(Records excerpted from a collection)
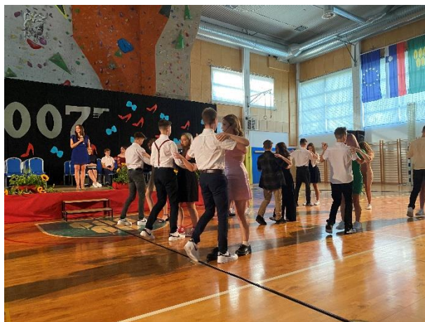
Valeta generacije 2007 (junij 2022)

Prašček: »Kako se črkuje beseda ljubezen?« Pu: »Ljubezen se ne črkuje ... ljubezen se občuti.«
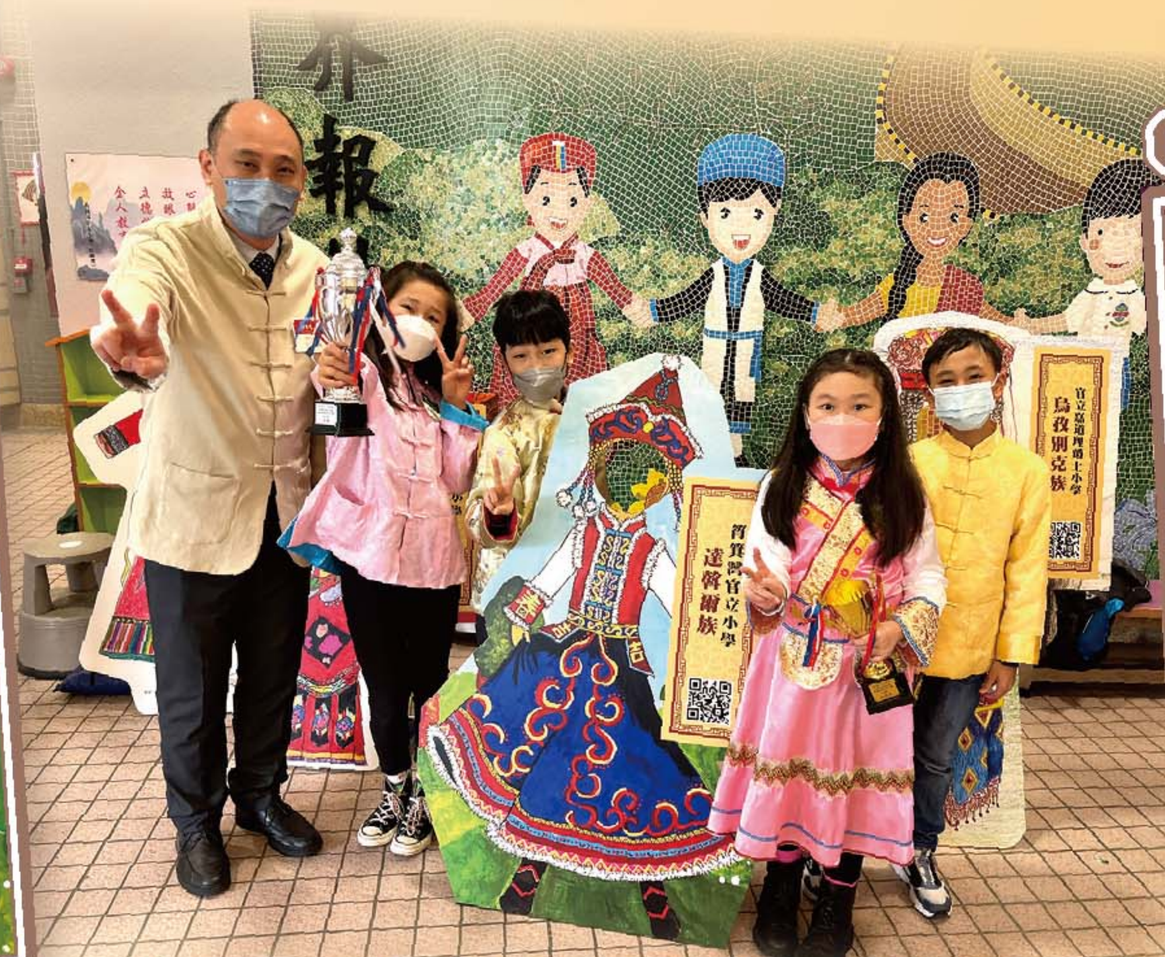
王校長在頒獎禮後與得獎學生一同拍照留念。
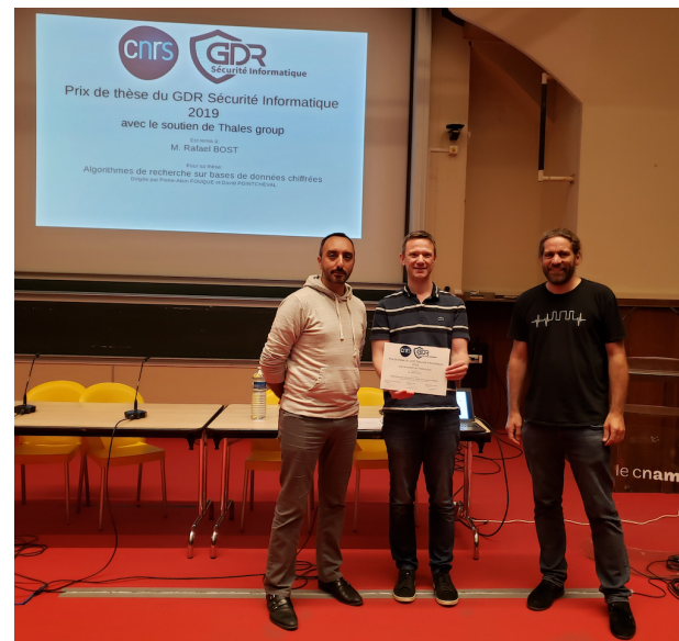
Remise du prix de thèse 2019.

Rendez-vous donc au printemps 2020 à Paris pour la prochaine édition des Journées Nationales et son lot de rebondissements !
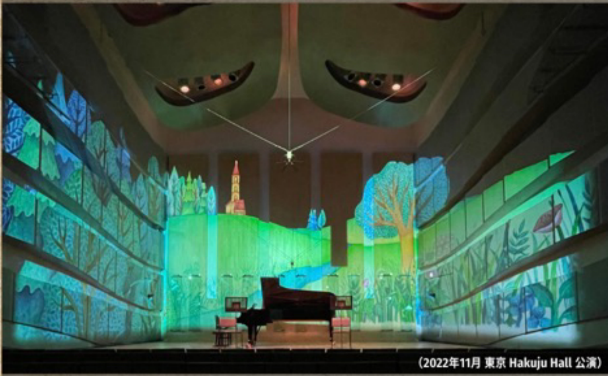
(2022年11月 東京 Hakuju Hall 公演)
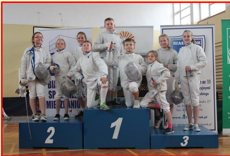
Ogólnopolski Turniej „Pierwszy Krok Szermierczy”
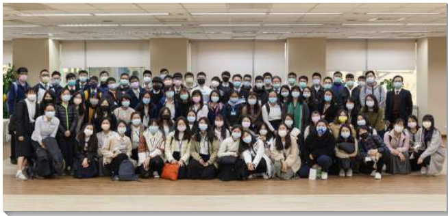
▲ 信基、港湖、文一大區期初特會於信基大樓舉行

藉著進入啟示錄，帶我們看見在這末後的日子，這卷書對我們是極其重要的。前三篇信息說到，我們要享受並經歷啟示錄中所啟示出來的基督，並渴慕成為耶穌的見證。為此我們要答應得勝者的呼召，因為得勝者顧到神的權益，過於他們日常的需要，好得著基督的身體，

__Your assignment__
Return each entry exactly as it appears above, but exclude the pictures.

__Answer to this exercise__
Valeta generacije 2007 (junij 2022)

Prašček: »Kako se črkuje beseda ljubezen?« Pu: »Ljubezen se ne črkuje ... ljubezen se občuti.«
王校長在頒獎禮後與得獎學生一同拍照留念。
Remise du prix de thèse 2019.

Rendez-vous donc au printemps 2020 à Paris pour la prochaine édition des Journées Nationales et son lot de rebondissements !
(2022年11月 東京 Hakuju Hall 公演)
Ogólnopolski Turniej „Pierwszy Krok Szermierczy”
▲ 信基、港湖、文一大區期初特會於信基大樓舉行

藉著進入啟示錄，帶我們看見在這末後的日子，這卷書對我們是極其重要的。前三篇信息說到，我們要享受並經歷啟示錄中所啟示出來的基督，並渴慕成為耶穌的見證。為此我們要答應得勝者的呼召，因為得勝者顧到神的權益，過於他們日常的需要，好得著基督的身體，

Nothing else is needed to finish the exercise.